**WHAT YOU WILL DO**
Print out each entry without alteration, and keep the pictures out.

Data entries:
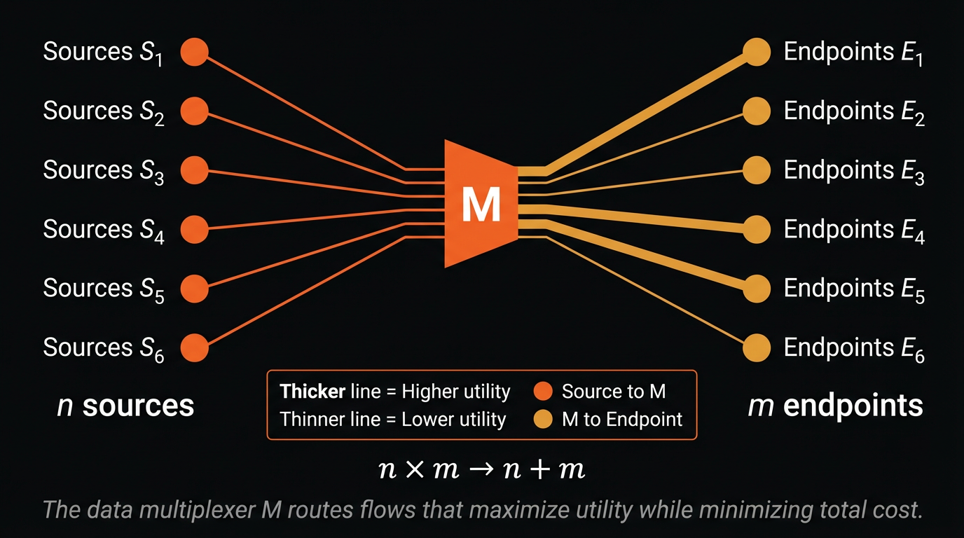 This is the Coasean insight applied directly: firms build internal data teams and rely on trusted intermediaries because the transaction costs of procuring data through open markets are prohibitively high. Reduce those transaction costs to near zero, and the boundary between what is efficiently sourced internally and what can be procured externally shifts dramatically. The multiplexer does not replace the market mechanism. It makes the market mechanism work for data in a way that it never has before.
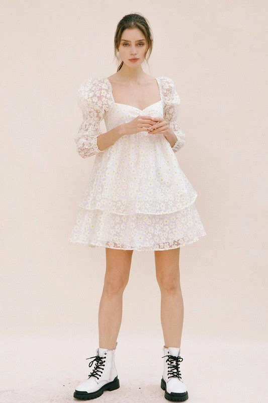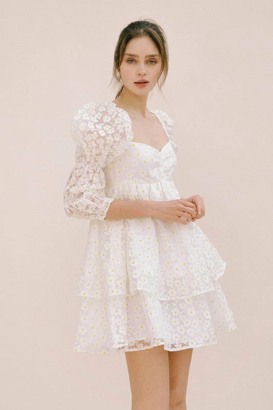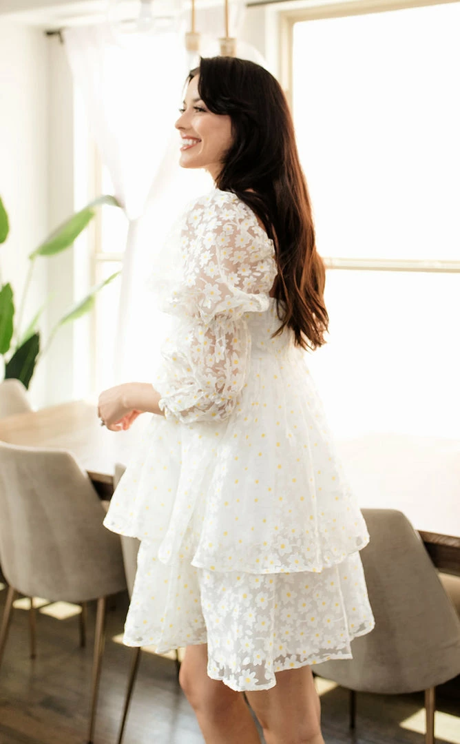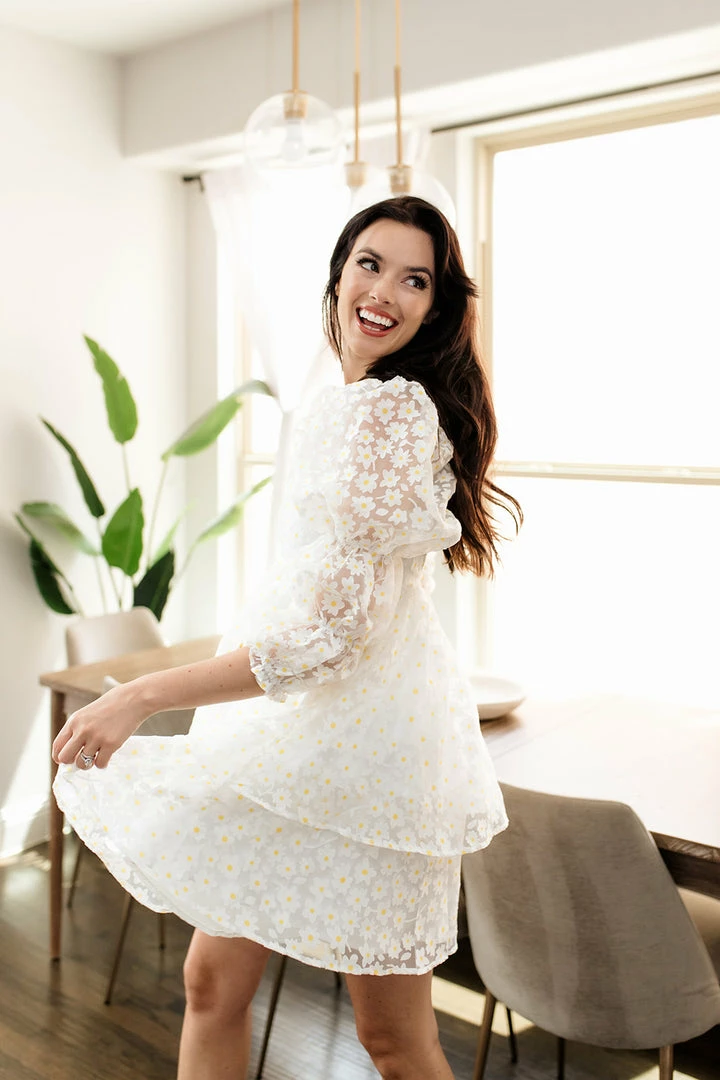 //Best Seller// Our Marly Daisy Applique Floral Babydoll Dress comes in the cutest print! This white daisy floral high sheen dress has puff sleeves and a concealed back zip closure. The embroidered daisy give it that much detail!
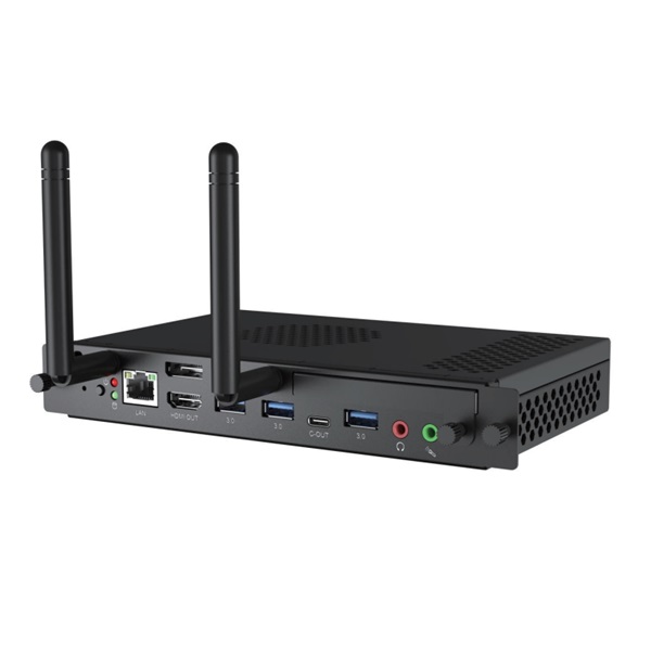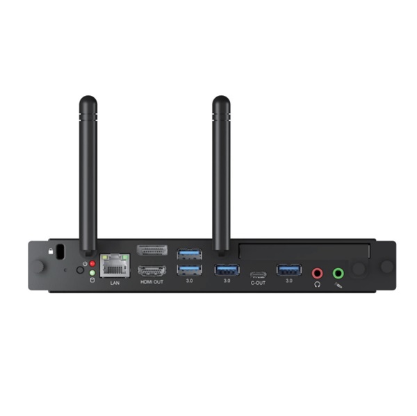 - Lắp đặt dễ dàng: Sử dụng giao tiếp 80Pin OPS Interface, cho phép tháo lắp nhanh chóng vào khe cắm phía sau màn hình tương tác mà không cần đi dây phức tạp.
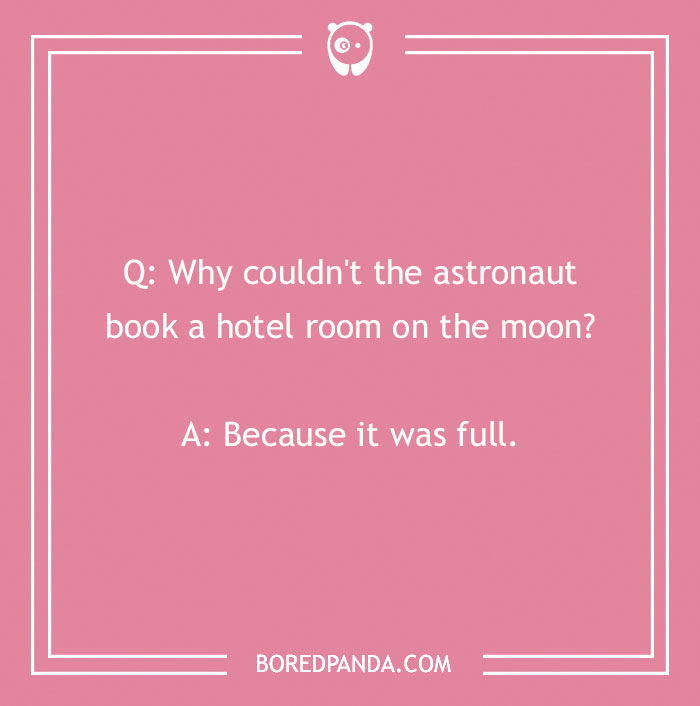 Why couldn't the astronaut book a hotel room on the moon? Because it was full.
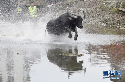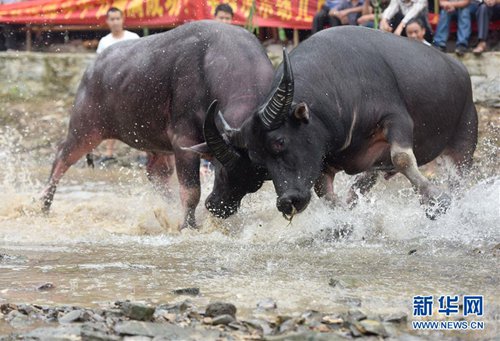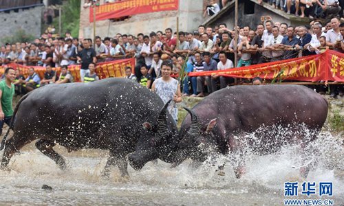 A traditional bullfight was held in Dudong township, Sanjiang Dong Autonomous County in South China's Guangxi Zhuang Autonomous Region on September 25. A total of 14 bulls took part in the event held to celebrate the harvest. Photos: Xinhua

**OUTPUT**
 This is the Coasean insight applied directly: firms build internal data teams and rely on trusted intermediaries because the transaction costs of procuring data through open markets are prohibitively high. Reduce those transaction costs to near zero, and the boundary between what is efficiently sourced internally and what can be procured externally shifts dramatically. The multiplexer does not replace the market mechanism. It makes the market mechanism work for data in a way that it never has before.
 //Best Seller// Our Marly Daisy Applique Floral Babydoll Dress comes in the cutest print! This white daisy floral high sheen dress has puff sleeves and a concealed back zip closure. The embroidered daisy give it that much detail!
 - Lắp đặt dễ dàng: Sử dụng giao tiếp 80Pin OPS Interface, cho phép tháo lắp nhanh chóng vào khe cắm phía sau màn hình tương tác mà không cần đi dây phức tạp.
 Why couldn't the astronaut book a hotel room on the moon? Because it was full.
 A traditional bullfight was held in Dudong township, Sanjiang Dong Autonomous County in South China's Guangxi Zhuang Autonomous Region on September 25. A total of 14 bulls took part in the event held to celebrate the harvest. Photos: Xinhua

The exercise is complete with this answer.